- Presented by: Byron Crawford (1995–2000) Dave Shuffett (2001–2015) Amy Hess (2015) Doug Flynn (2015–2023) Chip Polston (2023–present)
- Country of origin: United States
- Original language: English

Production
- Executive producer: Brandon Wickey
- Production location: Lexington, Kentucky
- Running time: 30 minutes

Original release
- Network: Kentucky Educational Television
- Release: September 23, 1995 – present

= Kentucky Life =

American television program (1995–present)
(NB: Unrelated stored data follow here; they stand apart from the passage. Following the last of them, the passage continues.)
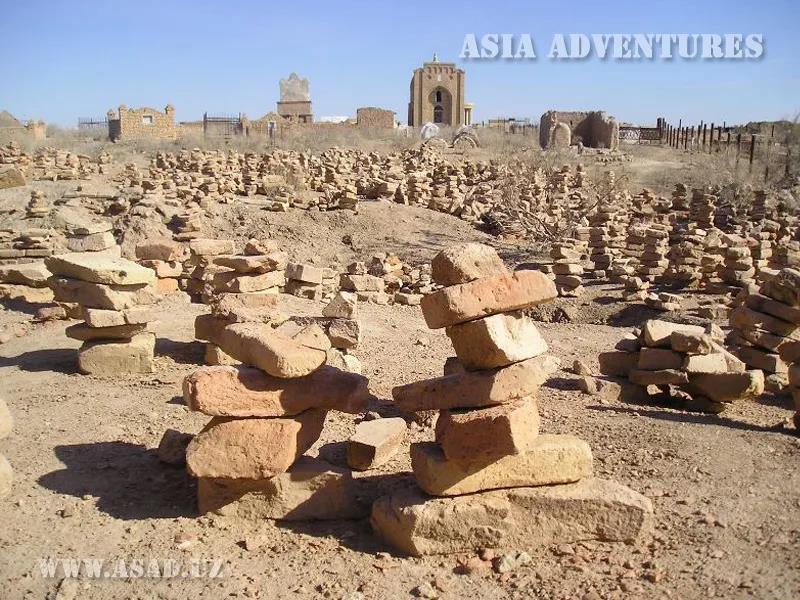 5月5-9日,布哈拉(Bukhara)——捷爾梅茲地區(qū)。踏勘的主要遺址是布哈拉市中心1238年塔剌比反抗蒙古人而起兵聚義的阿爾克堡;位于布哈拉西北距阿姆河110公里處之瓦拉赫沙古城發(fā)掘現(xiàn)場(公元前3-2世紀(jì)至11世紀(jì));昭武九姓之一的畢國遺址(拜城)發(fā)掘現(xiàn)場(西去布哈拉55公里);距那黑沙不古城6公里的埃爾庫爾干遺址;帖木兒的誕生地沙赫里·沙勃茲(渴石);古粟特與吐火羅之間的天然分界“鐵門”;捷爾梅茲的火者·哈欽·忒爾迷清真寺;怛密古城;北距捷爾梅茲65公里,位于設(shè)拉巴德河谷布斯坦賽的夾爾庫坦遺址(公元前16-15世紀(jì)),并參觀這些地方的博物館。在布哈拉所見與中國有關(guān)之文物有:市博物館中陳列的一幅19世紀(jì)的維吾爾地毯,其上有中國道教的太極圖案;19世紀(jì)布哈拉汗國的夏宮中的一個(gè)瓷盤,上繪長江流域風(fēng)景名勝五老峰、廬山瀑布、徐亭煙柳、白鹿七洞、九江關(guān)、麻姑仙壇、花州春香、南涌歸蹤、滕王高風(fēng)、東湖夜月。
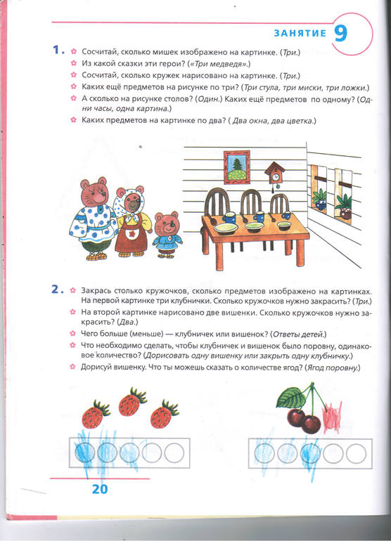 В общем, пособие мне понравилось. Там основные темы: счет и цифры до 5, времена года, части суток, геометрические фигуры, ориентация в пространстве (право-лево, верх-низ), противоположности (высокий-узкий, низкий-высокий и тд). Для нас из всего этого новым было только право-лево, ну то есть мы путали их, остальное все Лида уже знала. Но я все равно не пожалела, повторенье-мать ученья, я считаю, что главное не количество усвоенного материала, а качество. А вот такие задания, где нужно обвести, провести линию, дорисовать, раскрасить, как раз нам пришлись кстати - с этим нам еще работать и работать. Еще мне понравились такие задания, где, например, нужно раскрасить столько кружочков, сколько на картинке мишек. Это развивает и логику, и вообще полезно, тк я сама в школе работаю и знаю, как детям, особенно младшим школьникам, приходится объяснять смысл задания, самостоятельно они вообще его понять не могут, причем никто! даже отличники. Так что рекомендую эту книгу для детей с 3 лет, а сама обязательно буду покупать еще из этой серии. В книге 31 занятие, мы уже прошли половину. сначала был большой интерес, просила - мам, давай сделаем еще занятие! Потом надоело, интерес стал меньше, но все равно делаем, хоть и не каждый день. Там в серии еще 2 книги - счет до 5 (на 4 - 5 лет) и счет до 10 (на 5 - 6 лет), но мне кажется что возрастные рамки завышены.
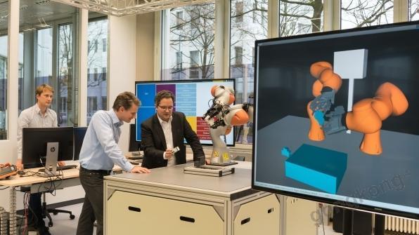 西門子——西門子中央研究院近日在慕尼黑演示了雙臂機器人的一部分,借助人工智能的高度自動化,該機器人無需編程即可自主分工協(xié)作,用于產(chǎn)品制造。西門子中央研究院Kai Wurm博士表示,“我們只需告訴機器人,把某個部件安裝到導(dǎo)軌上,它就會執(zhí)行這個操作。”作為一個簡化的例子,這項任務(wù)描述了“單件定制化生產(chǎn)”的內(nèi)涵。其中涉及加工或組裝含有不同部件的多樣化產(chǎn)品。機器人從關(guān)聯(lián)的軟件模型中獲取制造產(chǎn)品的相關(guān)信息。傳統(tǒng)的機器人無法理解這種CAD/CAM(計算機輔助設(shè)計和制造)模型,但新的機器人原型可以做到。從某種意義上說,這就好像機器人能夠理解不同的語言,從而不必對其運動和工藝進(jìn)行編程。
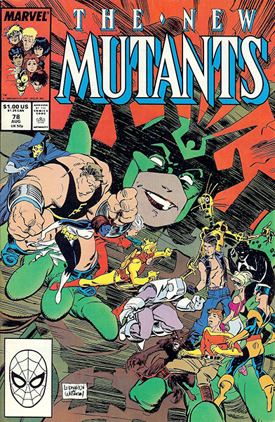 | New Mutants No. 78 - August, 1989. Published monthly by MARVEL PUBLISHING, INC. a subsidiary of MARVEL ENTERTAINMENT, INC. OFFICE OF PUBLICATION: 417 5th Avenue, New York, NY 10016. © 1989 Marvel Characters, Inc. All rights reserved. All characters featured in this issue and the distinctive names and likenesses therof, and all related indicia are trademarks of Marvel Characters, Inc. No similarity between any of the names, characters, persons, and/or institutions in this magazine with those of any living or dead persons or institutions is intended, and any such similarity which may exist is purely conicidental. |
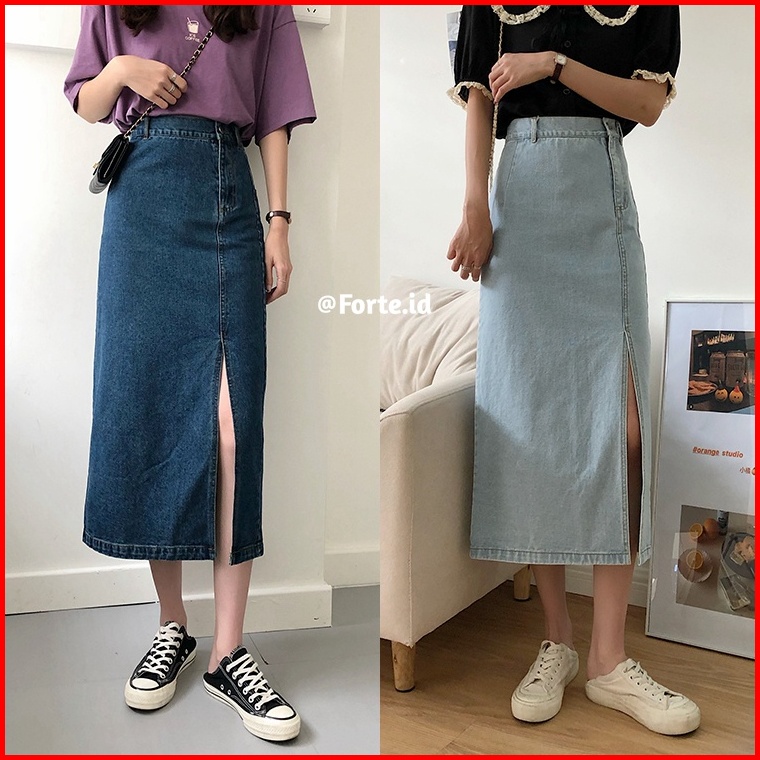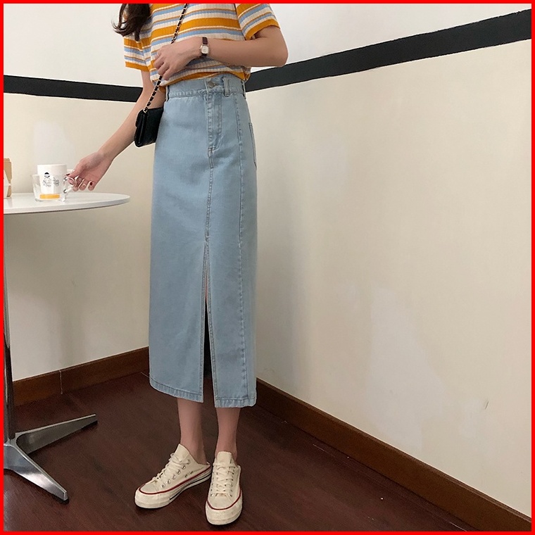 Rok Denim Panjang Wanita Korean Style Slit A-line Skirt Midi

Kentucky Life is a television program on Kentucky Educational Television (KET) that features profiles of people, places and ideas of Kentucky. Founded in 1995, its mission was to help Kentuckians celebrate unique and regional characters and cultures. By May 1996, Kentucky Life was KET's most watched local production.

==History==
The first five seasons the show's debut in 1995 and 1999 were hosted by Louisville Courier-Journal columnist Byron Crawford. Outdoorsman and television veteran Dave Shuffett, former host of Kentucky Afield, hosted Kentucky Life from season six to 20 between 1999 and 2015, followed by former Major League Baseball player Doug Flynn who hosted the show from seasons 21 to 27 between 2016 and 2022. Chip Polston, a frequent on-air volunteer during KET's pledge drives and former host of televised Kentucky Lottery drawings and Mixed Media, a KET arts series produced in the early 2000s, was announced as the new host starting with season 28 in January 2023.

== Awards ==
Kentucky Life was awarded a regional Emmy Award from the Ohio Valley Chapter of the National Academy of Television Arts and Sciences on August 2, 2014, in the Human Interest Program category for "Double Dan Horsemanship," a feature on world-renowned horse trainers in Nicholasville, Kentucky.